• ISBN Print:
    978-81-970290-5-9
  • ISBN Online:
    978-81-970290-9-7
  • Conference Type:
    Hybrid
  • Conference Dates:
    May 23 - 24 , 2024
  • Venue:
    , Rome, Italy
  • Publisher:
    Eurasia Conferences

Automatic extraction of SMPC document for IDMP data model construction using Open-Source base Model LLM RAG: A benchmark for Pharmaceutical Regulatory Affairs

Proceedings: Abstracts of the 3rd World Conference on Artificial Intelligence, Machine Learning and Data Science

Florian PEREME

Abstract

The pharmaceutical industry is on the cusp of a deep transformative change that would lead to a more digitalized industry. One of the markers of this upcoming changes is the implementation of IDMP (Identification of medical drug product) who is the digitalization in a structured and harmonized data model of all information related to a drug product.
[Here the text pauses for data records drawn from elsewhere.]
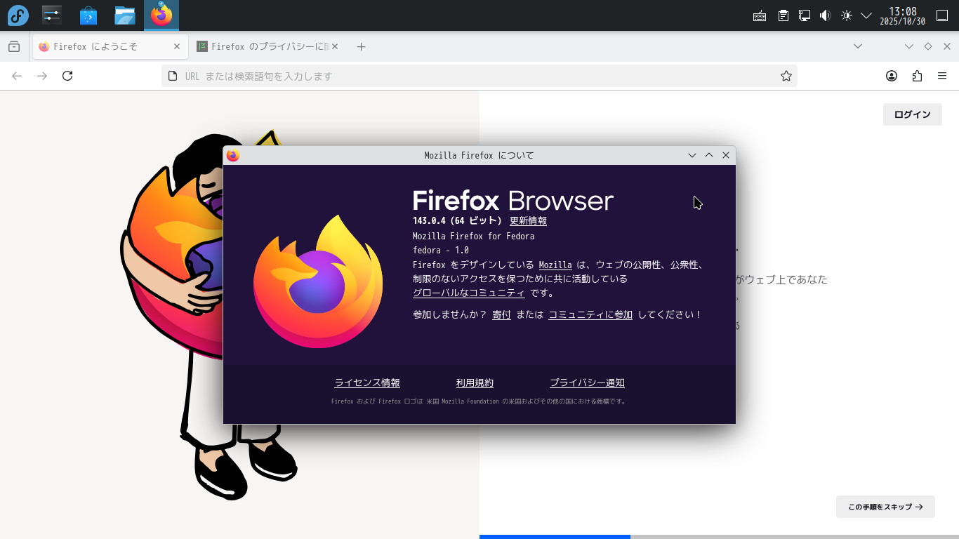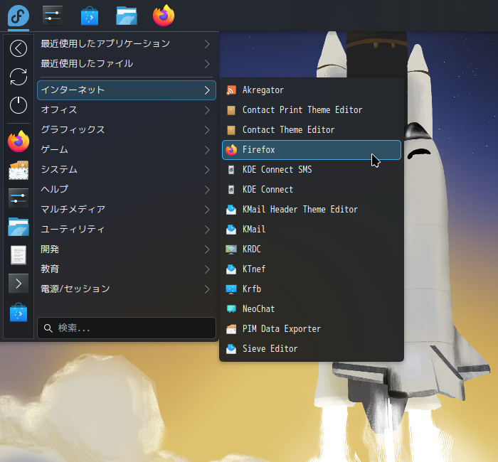 1. 概要 ブラウザとして、「Firefox」がデフォルトでインストールされています。 日本語化までされていますので、「Firefox」をそのまま使用します。 2. 起動 「スタート」→「インターネット」→「Firefox」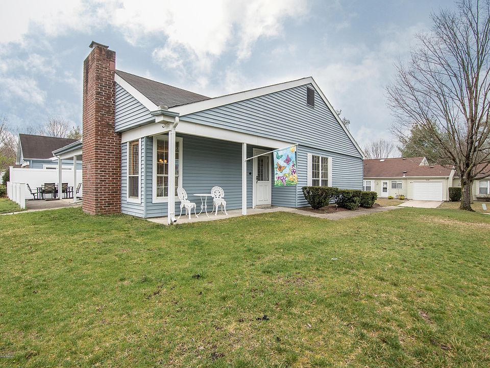 Popular Blair model end unit, corner property, large lawn, privacy on quiet street. 2-covered porticos, private fenced-in patio perfect for entertaining or relaxing. LIGHT & BRIGHT w2w. LR, DR, KT, SR, MBR suite, BR, sunroom/den/3 rd BR, 2 full baths & wood burning-FP. 2nd BR instantly converts 2nd suite. Incl. REF, DW, DBL-OVN, upscale W&D w/steam. Loads of storage incl. Coat, linen, 4-dbl closets, full-floor-walk around attic, and largest garage built w/driveway for 2nd vehicle. 35% saving on elec. bills: Unit has 3-yr old $14.5K Lennox heat pump for AC & heat. Highly efficient it saved 35% in elec. bills. Water heater is also 3-yrs old. +55 community is active & vibrant offering wealth of clubs, activities & outstanding maintenance protecting your home & investment. HOA fee of 310 includes Verizon FIOS Premier TV which is 283 channels. Most HD & some SD.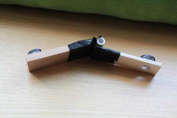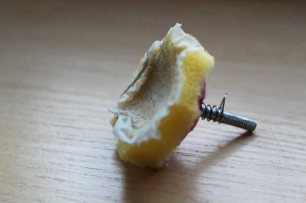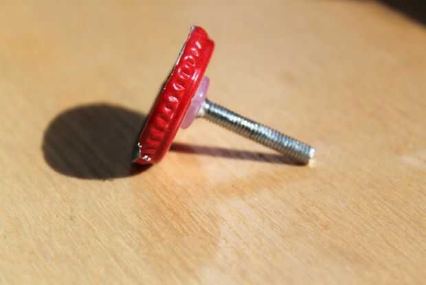 A una de las tapas caliente pegué un tornillo que dijo con voz áspera a los devanados por lo que se deslizan a través del orificio en el mdf sin oponer resistencia (también podría hacer un conjunto ligeramente más grande o utilizar un clavo en lugar de un tornillo, pero sólo tomé, lo que tenía).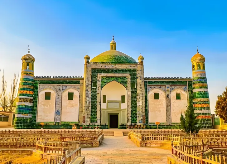 乘车前往喀什,游览【香妃园】这是一座典型的伊斯兰古建筑群,也是伊斯兰教圣裔的陵墓。教经堂的墙体以砖砌成,其外敷以草泥,表面为白色石膏层,穹窿顶用绿色的琉璃砖装饰,因而又称“绿拱北”。教经堂前有一处平顶式天棚,以15根高5米的木柱支撑,柱体上镌有精美的浅浮雕,虽历时弥久,其精湛的雕刻工艺令人喷叹不已。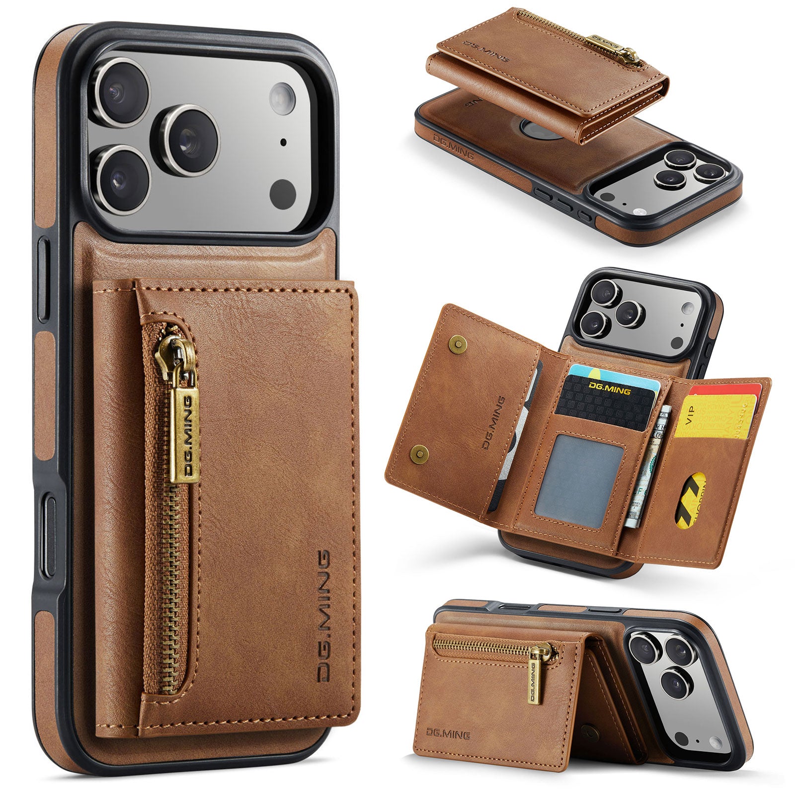 New 2-IN-1 RFID Blocking Zipper Wallet Card Holder Leather Phone Case for iPhone Air/17/17 Pro/17 Pro Max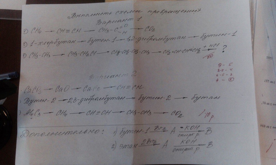 1) CH3-CH=CH-CH3 + Br2 = CH3-CH(Br)-CH(Br)-CH3

Historically those data are present in hard files such as PDFs, and exchanged between Industries and Health Authorities, requiring Human Work Forces on both sides to produce and interpret the data valuable content from this file. The IDMP ambitions is to improve this process by making possible direct data exchange between Industries and Health Authorities. This deep Changes comes with a huge challenge to handle legacy content for Industries in order to rebuild the IDMP structure from existing SMPC document. Our contribution proposes to take advantage of the new LLM Solutions and their RAG (Retrieval Augmented Generation) to perform a benchmark of existing LLM solution and evaluate their abilities to proceed to relevant data extraction an rebuild IDMP base data content.